When the Taramani Bhagwan Saav Higher Secondary School in Koilwar was demolished, the plus two students of the school were shifted to Kulhadiya Senior Secondary School that was four kilometers away from their own school. Which meant children had to trudge another extra four kilometres. Also, in order to get there, the students had to cross the Arrah-Patna highway, which was dangerous. Parents of the children protested and the students were shifted back to Baijnath Senior Secondary School that was closer to their old school. 

The echoes of the agitation at Koilwar were felt elsewhere in the state too. “We were forced into online studies during the pandemic, and even then the state government could not provide us proper online facilities. If all of us come together then the education system in the state may improve,” Kajal from Manohar High School in Saharsa district, told Gaon Connection.
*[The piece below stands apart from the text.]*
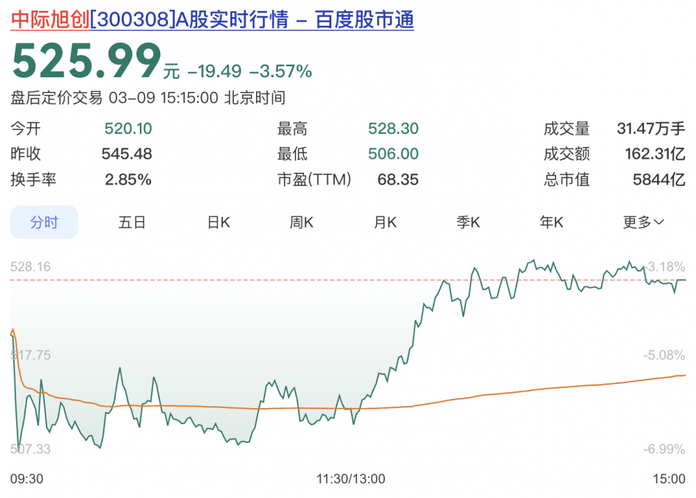 截至3月9日收盘,中际旭创股价525.99元,市值5844亿元。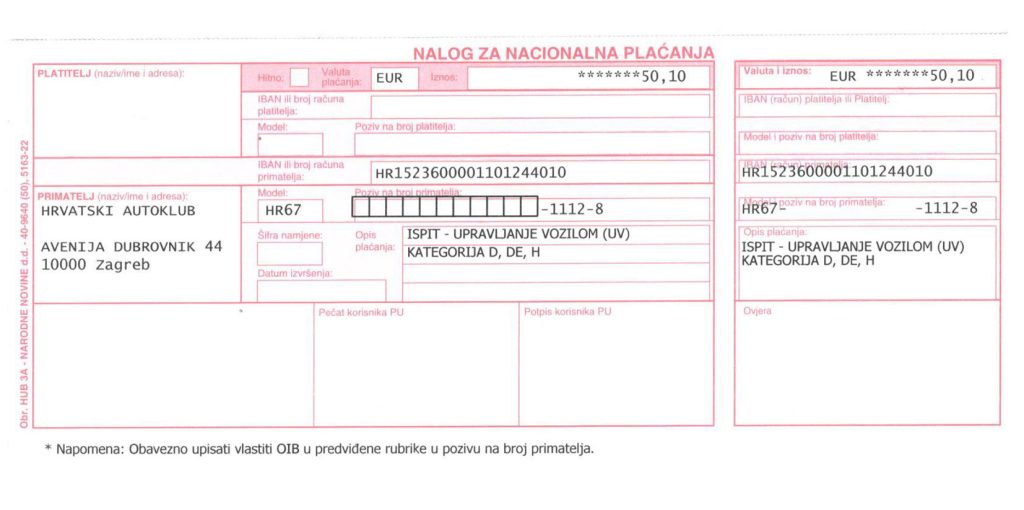 Podaci za uplatnicu ispita za polaganje BE, C1, D1, B kod 96 kategorije

Also Read: Merely 8.5% school students in India have internet access, education disruption due to COVID-19 second worst in South Asia: UNICEF

The fact that the students, their parents and teachers united to voice their protest, was encouraging, Priya, a class nine student from Williams High School in Supaul, told Gaon Connection. “It will become easier for us to ask for our rights,” she added.

According to the Union education minister, when he spoke in the Lok Sabha, 26.9 million students in the country did not have digital devices. Of them, 14.3 million were students from Bihar who had neither smartphones nor any other digital device to help them with school work. According to data from the state government there are approximately 20 million children in school in Bihar. 

“It is because of the pandemic that the work on the school building has been delayed, the work on it will start very soon,” Vinod Kumar, Sub-Divisional Police Officer, Bhojpur district, told Gaon Connection

“They have made this seem like a students’ agitation on social media,” an official from the administration, not wanting to be named, told Gaon Connection. “There has definitely been a delay due to corona, but construction of the new school has begun,” he added.